#### [WHAT THIS TASK INVOLVES]
Set down each entry as it stands. Skip the pictures.

── STUDY MATERIAL

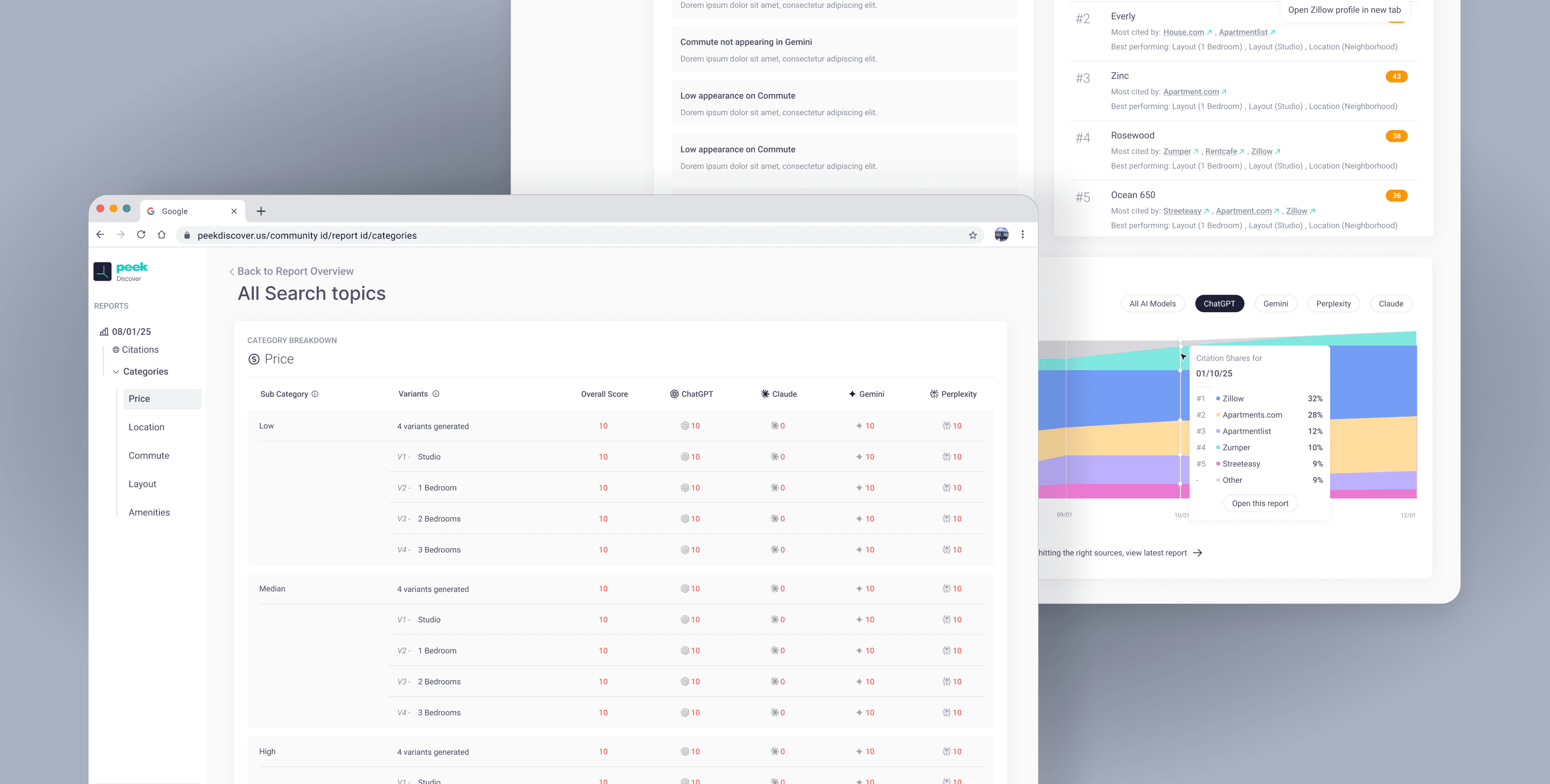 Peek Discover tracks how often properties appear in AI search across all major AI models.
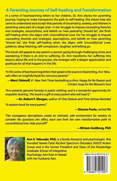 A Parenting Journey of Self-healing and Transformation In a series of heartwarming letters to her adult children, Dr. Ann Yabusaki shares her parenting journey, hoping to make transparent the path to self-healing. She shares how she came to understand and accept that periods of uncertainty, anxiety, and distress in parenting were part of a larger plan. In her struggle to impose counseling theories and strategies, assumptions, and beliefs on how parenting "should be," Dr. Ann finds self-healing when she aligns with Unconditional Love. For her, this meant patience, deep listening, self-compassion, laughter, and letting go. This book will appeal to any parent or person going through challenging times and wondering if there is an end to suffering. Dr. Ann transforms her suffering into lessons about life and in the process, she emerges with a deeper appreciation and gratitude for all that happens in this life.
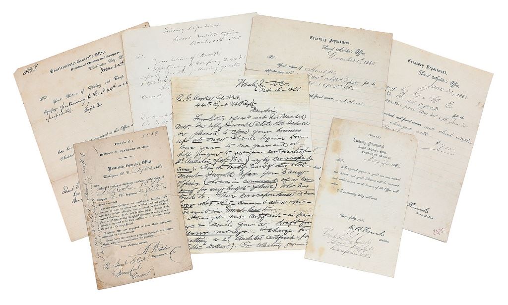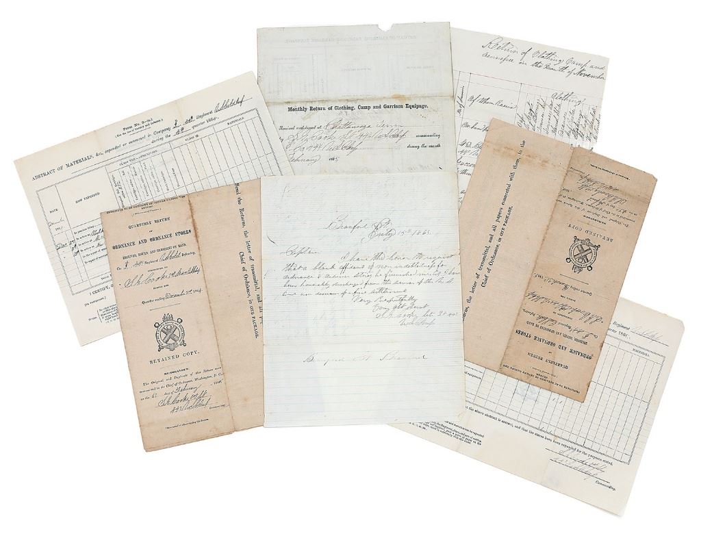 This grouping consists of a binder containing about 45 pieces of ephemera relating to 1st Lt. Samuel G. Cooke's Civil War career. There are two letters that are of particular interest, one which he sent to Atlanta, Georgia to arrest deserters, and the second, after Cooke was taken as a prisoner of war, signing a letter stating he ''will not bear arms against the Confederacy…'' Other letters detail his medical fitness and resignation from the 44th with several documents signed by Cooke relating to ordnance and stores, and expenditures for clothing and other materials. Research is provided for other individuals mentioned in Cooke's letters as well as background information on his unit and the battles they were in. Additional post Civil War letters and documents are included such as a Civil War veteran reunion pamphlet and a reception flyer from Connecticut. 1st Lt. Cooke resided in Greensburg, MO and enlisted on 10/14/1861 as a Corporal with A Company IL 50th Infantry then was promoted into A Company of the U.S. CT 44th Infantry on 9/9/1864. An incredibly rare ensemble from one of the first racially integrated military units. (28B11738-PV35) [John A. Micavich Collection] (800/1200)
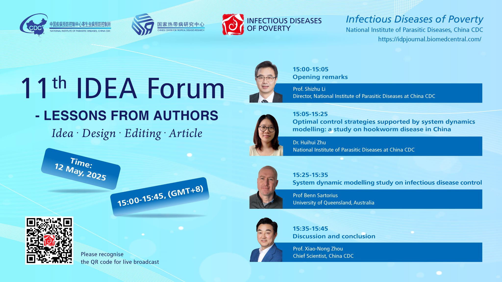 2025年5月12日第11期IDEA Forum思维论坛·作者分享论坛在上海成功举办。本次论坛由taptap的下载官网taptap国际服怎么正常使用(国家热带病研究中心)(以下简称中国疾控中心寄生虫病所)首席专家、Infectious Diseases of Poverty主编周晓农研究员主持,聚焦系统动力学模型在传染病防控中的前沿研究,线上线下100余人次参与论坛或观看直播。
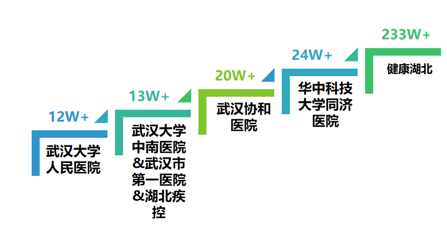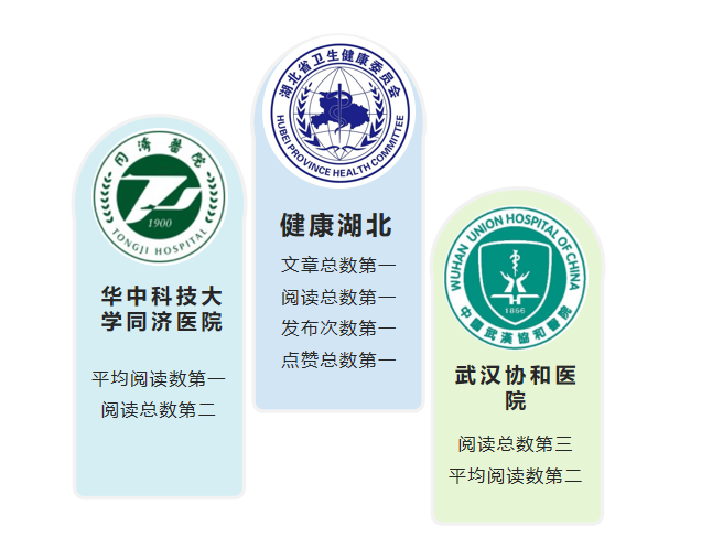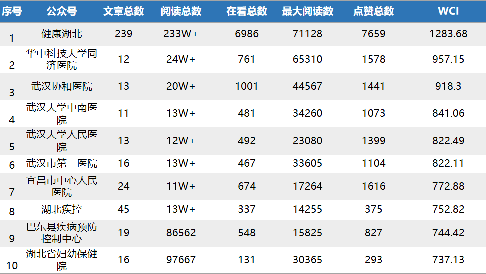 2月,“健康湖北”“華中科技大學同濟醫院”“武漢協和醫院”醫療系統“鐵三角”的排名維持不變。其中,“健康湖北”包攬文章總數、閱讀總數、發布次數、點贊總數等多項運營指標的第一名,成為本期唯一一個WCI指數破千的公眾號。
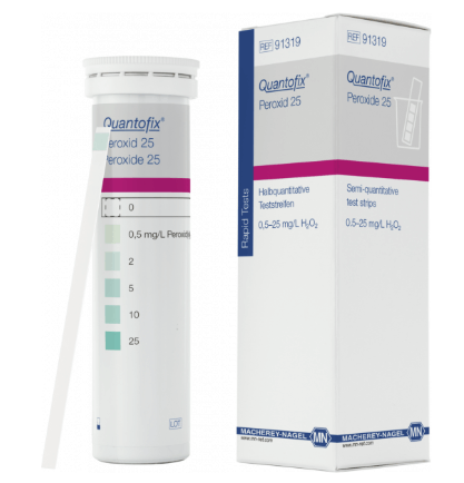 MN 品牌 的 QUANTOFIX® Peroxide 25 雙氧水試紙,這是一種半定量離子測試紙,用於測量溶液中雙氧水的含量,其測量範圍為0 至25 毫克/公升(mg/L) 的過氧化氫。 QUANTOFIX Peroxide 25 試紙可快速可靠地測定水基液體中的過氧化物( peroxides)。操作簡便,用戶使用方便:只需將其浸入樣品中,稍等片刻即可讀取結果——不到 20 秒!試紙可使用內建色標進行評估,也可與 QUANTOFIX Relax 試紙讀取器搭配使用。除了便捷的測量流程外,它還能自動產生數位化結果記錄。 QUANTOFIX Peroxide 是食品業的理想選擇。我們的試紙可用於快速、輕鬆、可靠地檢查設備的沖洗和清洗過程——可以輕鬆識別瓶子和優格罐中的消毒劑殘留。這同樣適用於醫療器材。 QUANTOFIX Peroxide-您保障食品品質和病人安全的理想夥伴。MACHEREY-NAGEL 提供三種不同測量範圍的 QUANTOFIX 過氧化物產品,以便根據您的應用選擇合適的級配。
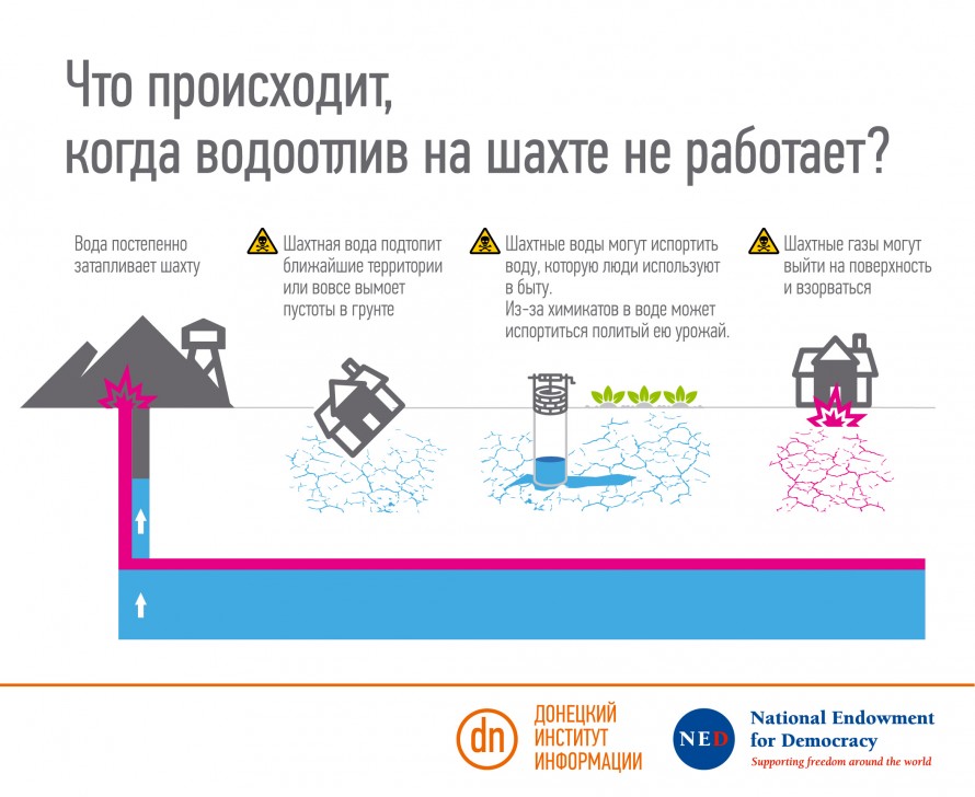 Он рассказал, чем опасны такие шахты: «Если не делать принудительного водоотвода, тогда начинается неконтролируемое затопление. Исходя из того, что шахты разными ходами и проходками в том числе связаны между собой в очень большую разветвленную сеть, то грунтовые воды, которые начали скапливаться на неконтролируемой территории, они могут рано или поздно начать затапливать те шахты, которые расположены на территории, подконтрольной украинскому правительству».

────

#### [RESPONSE TO THE TASK]
 Peek Discover tracks how often properties appear in AI search across all major AI models.
 A Parenting Journey of Self-healing and Transformation In a series of heartwarming letters to her adult children, Dr. Ann Yabusaki shares her parenting journey, hoping to make transparent the path to self-healing. She shares how she came to understand and accept that periods of uncertainty, anxiety, and distress in parenting were part of a larger plan. In her struggle to impose counseling theories and strategies, assumptions, and beliefs on how parenting "should be," Dr. Ann finds self-healing when she aligns with Unconditional Love. For her, this meant patience, deep listening, self-compassion, laughter, and letting go. This book will appeal to any parent or person going through challenging times and wondering if there is an end to suffering. Dr. Ann transforms her suffering into lessons about life and in the process, she emerges with a deeper appreciation and gratitude for all that happens in this life.
 This grouping consists of a binder containing about 45 pieces of ephemera relating to 1st Lt. Samuel G. Cooke's Civil War career. There are two letters that are of particular interest, one which he sent to Atlanta, Georgia to arrest deserters, and the second, after Cooke was taken as a prisoner of war, signing a letter stating he ''will not bear arms against the Confederacy…'' Other letters detail his medical fitness and resignation from the 44th with several documents signed by Cooke relating to ordnance and stores, and expenditures for clothing and other materials. Research is provided for other individuals mentioned in Cooke's letters as well as background information on his unit and the battles they were in. Additional post Civil War letters and documents are included such as a Civil War veteran reunion pamphlet and a reception flyer from Connecticut. 1st Lt. Cooke resided in Greensburg, MO and enlisted on 10/14/1861 as a Corporal with A Company IL 50th Infantry then was promoted into A Company of the U.S. CT 44th Infantry on 9/9/1864. An incredibly rare ensemble from one of the first racially integrated military units. (28B11738-PV35) [John A. Micavich Collection] (800/1200)
 2025年5月12日第11期IDEA Forum思维论坛·作者分享论坛在上海成功举办。本次论坛由taptap的下载官网taptap国际服怎么正常使用(国家热带病研究中心)(以下简称中国疾控中心寄生虫病所)首席专家、Infectious Diseases of Poverty主编周晓农研究员主持,聚焦系统动力学模型在传染病防控中的前沿研究,线上线下100余人次参与论坛或观看直播。
 2月,“健康湖北”“華中科技大學同濟醫院”“武漢協和醫院”醫療系統“鐵三角”的排名維持不變。其中,“健康湖北”包攬文章總數、閱讀總數、發布次數、點贊總數等多項運營指標的第一名,成為本期唯一一個WCI指數破千的公眾號。
 MN 品牌 的 QUANTOFIX® Peroxide 25 雙氧水試紙,這是一種半定量離子測試紙,用於測量溶液中雙氧水的含量,其測量範圍為0 至25 毫克/公升(mg/L) 的過氧化氫。 QUANTOFIX Peroxide 25 試紙可快速可靠地測定水基液體中的過氧化物( peroxides)。操作簡便,用戶使用方便:只需將其浸入樣品中,稍等片刻即可讀取結果——不到 20 秒!試紙可使用內建色標進行評估,也可與 QUANTOFIX Relax 試紙讀取器搭配使用。除了便捷的測量流程外,它還能自動產生數位化結果記錄。 QUANTOFIX Peroxide 是食品業的理想選擇。我們的試紙可用於快速、輕鬆、可靠地檢查設備的沖洗和清洗過程——可以輕鬆識別瓶子和優格罐中的消毒劑殘留。這同樣適用於醫療器材。 QUANTOFIX Peroxide-您保障食品品質和病人安全的理想夥伴。MACHEREY-NAGEL 提供三種不同測量範圍的 QUANTOFIX 過氧化物產品,以便根據您的應用選擇合適的級配。
 Он рассказал, чем опасны такие шахты: «Если не делать принудительного водоотвода, тогда начинается неконтролируемое затопление. Исходя из того, что шахты разными ходами и проходками в том числе связаны между собой в очень большую разветвленную сеть, то грунтовые воды, которые начали скапливаться на неконтролируемой территории, они могут рано или поздно начать затапливать те шахты, которые расположены на территории, подконтрольной украинскому правительству».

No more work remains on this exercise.